Supply Chain Council of European Union | Scceu.org
Supply Chain Risk

Live news: Tesla’s credit rating boosted to investment grade by S&P

© Reuters

Tesla’s bonds are now classified as investment grade by Standard & Poor’s, with the agency citing the electric car maker’s recent production numbers as a reason for shifting the rating on the company’s debt out of junk territory.

The rating agency on Thursday boosted Tesla’s rating, including the credit rating and issue-level rating, to BBB from BB+. That pushed it past the threshold that separates investment grade from high-yield, or so-called junk, territory.

Companies considered investment grade are regarded as having a relatively low risk of default, which can lead to them potentially being able to borrow money at lower rates.
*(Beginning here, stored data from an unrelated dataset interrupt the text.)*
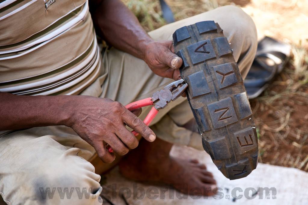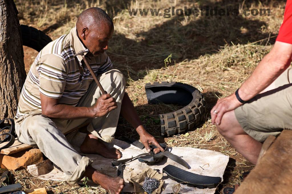 Στις φωτογραφίες που κοινοποιήθηκαν από τα μέλη στην σελίδα της κοινότητας στο facebook βλέπουμε έναν Κενυάτη τσαγκάρη να επιμελείται τα νέα σανδάλια των αναβατών, τα οποία φυσικά προέρχονται από ένα φθαρμένο ζεύγος ελαστικών Continental TKC80.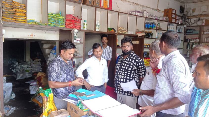 In Palari, SDM Deepak Nikunj and Fertilizer Inspector Suchin Kumar Verma inspected Kisan Seva Kendra and Krishi Seva Kendra. Due to the absence of a prescribed stock register and failure to submit monthly reports to the department, a show-cause notice was issued. In Bhatarpara, SDM Abhishek Gupta, Deputy Director Agriculture Deepak Kumar Nayak, and Fertilizer Inspector Avdhesh Upadhyay inspected Krishi Sopan and New Sahu Krishi Seva Kendra, where discrepancies were found between the physical stock and the displayed stock, resulting in notices being issued.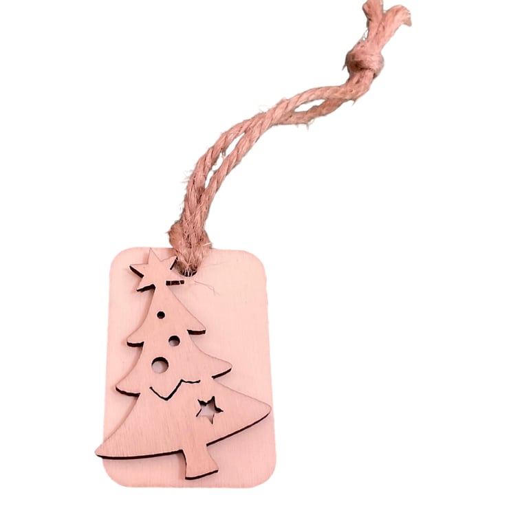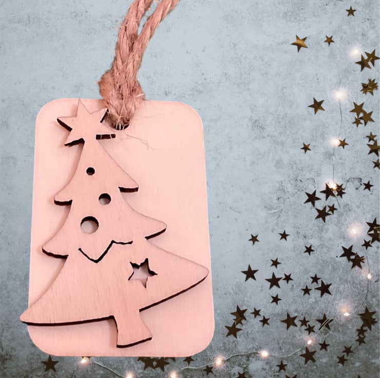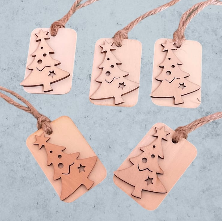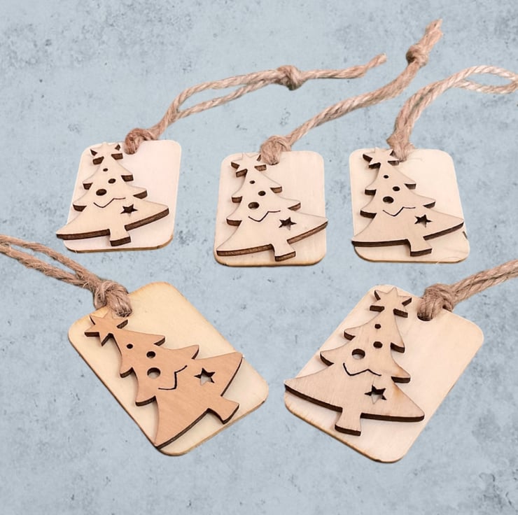 The tags feature a wooden Christmas tree which has been applied to a wooden tag. A length of jute has been added for you to apply the tags to your gifts.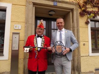 Vereinsvorsitzender Udo Michel fordert die Herausgabe des Rathausschlüssels, welcher durch Bürgermeister Maik Hirdina überreicht wurde.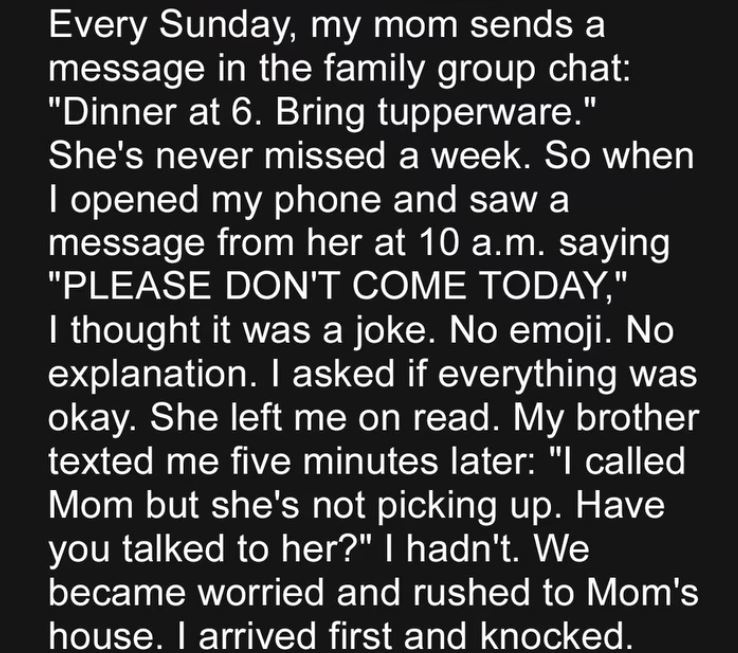 That night, we stayed with her. There was no roast chicken or carefully set table — just pizza boxes, mugs of tea, and a long conversation that helped us all begin to heal. Before bed, Mom sent a new message to the family group chat: “Dinner next Sunday. 6 p.m. Bring tupperware. And maybe a hug.” It reminded us that no secret, no mistake, could erase the love and traditions we had built together.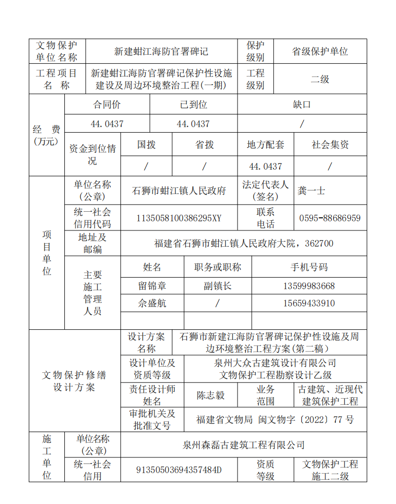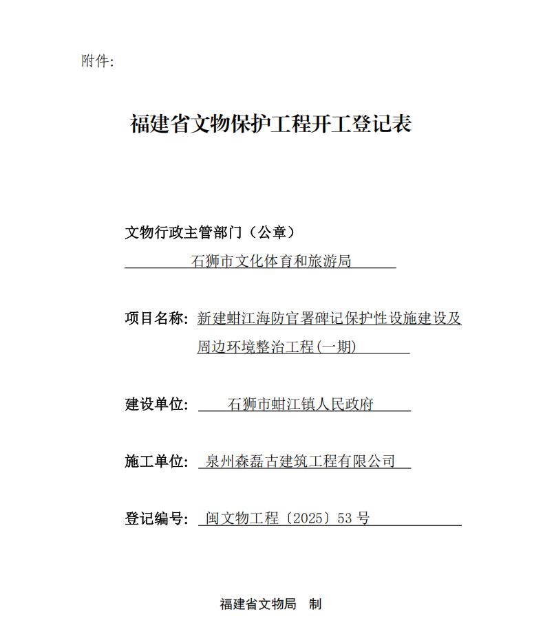 闽文物工程〔2025〕53号新建蚶江海防官署碑记保护性设施建设及周边环境整治工程(一期)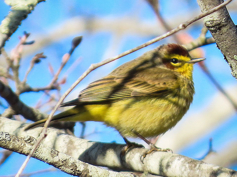 A Warbler, but I'll need help with the species name. Hmm, probably a Palm Warbler (Setophaga palmarum).

Rival agency Moody’s has a Ba1 rating on Tesla, which still places it in junk territory on that scale.

“The stable outlook reflects our expectation that Tesla will maintain low debt levels as it sustains its solid market share, profitability, and strong liquidity amid an increasingly competitive environment for EVs,” S&P said in a statement.

Tesla has produced about 930,000 vehicles so far this year, about 50 per cent year-on-year, S&P said, despite production suspension in China in the second quarter, component shortages and inflation. That topped the agency’s expectations, leading its forecast Tesla will sell 2mn units in 2023. S&P said this will help the automaker sustain its electric vehicle market share as it faces competition from automakers in China and Europe.

The agency expects Tesla to sustain free operating cash flow to sales ratio of more than 10 per cent, despite high expenses, supply chain issues and rising commodity costs.

“With over $18.3 billion in cash and cash equivalents at June 30, 2022, and our expectation of solid cash flow at least through 2023, we believe Tesla will maintain its strong liquidity,” S&P said.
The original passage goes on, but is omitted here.